We therefore turn to the sufficiency of plaintiffs’ prima facie case. We start with an observation. By its terms, ORS 31.150 authorizes a motion to strike a “claim” arising out of the specified protected activities. ORS 31.150(2). That indicates that the legislature intended that such motions would employ a claim-by-claim analysis as to whether a particular claim should be stricken. Here, though, defendants’ motions did not engage in any claim-by-claim analysis. Rather, their motions appear to have treated ORS 31.150 as a broad-brush mechanism for striking a complaint, an approach that defendants have largely repeated on appeal. That is, defendants generally have not distinguished the claims from each other, and have not analyzed whether, for example, plaintiffs’ prima facie case might be sufficient to entitle them to, say, the requested declaratory and injunctive relief even if it might not entitle them to monetary remedies. Because defendants themselves have not supplied us with any claim-by-claim analysis, we do not supply one on their behalf. Instead, we consider whether plaintiffs’ prima facie case is sufficient to permit any of the claims to go forward, without examining whether plaintiffs have established a prima facie case on all claims or whether they will be entitled to all of the different prospective and retrospective remedies they seek.

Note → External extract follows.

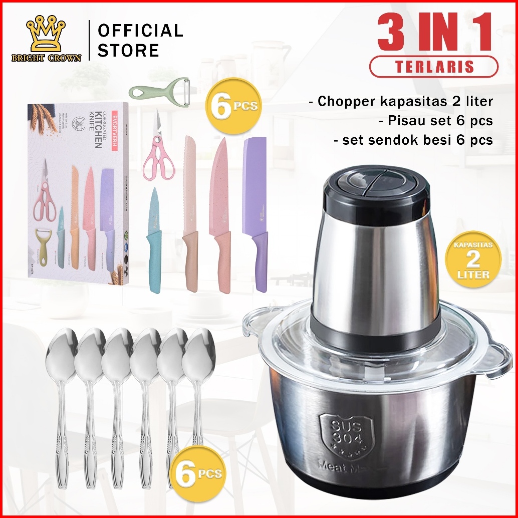 Bright Crown Promo Combo Terlaris Chopper Elektrik 2l Pisau 6in1 Sendok Garpu Stainless 6pcs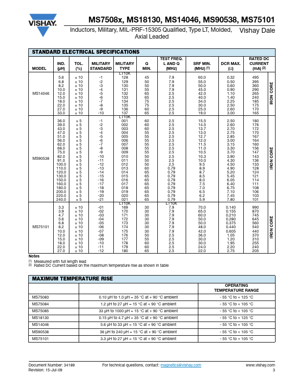 This page provides the datasheet information for the MS75085, a member of the MS75083 Inductors family.

Taking that approach, we conclude that plaintiffs’ prima facie case is sufficient. The CC&R provision governing reserve accounts, Article XI, Section 3, unambiguously prohibits the use of reserve funds for anything but the repair and replacement of improvements without a vote of the HOA membership that did not happen here. Although defendants contend that the provision can be read to give them the discretion to use some of the funds for different purposes, that is not a plausible reading of the following text in Section 3:
“[N]or shall the funds be used for any purpose other than defraying all or part of the costs of major repair or replacement as provided herein, except by a vote of 2/3 of each class of members voting in person or by proxy, at an annual meeting or special meeting duly called for this purpose.”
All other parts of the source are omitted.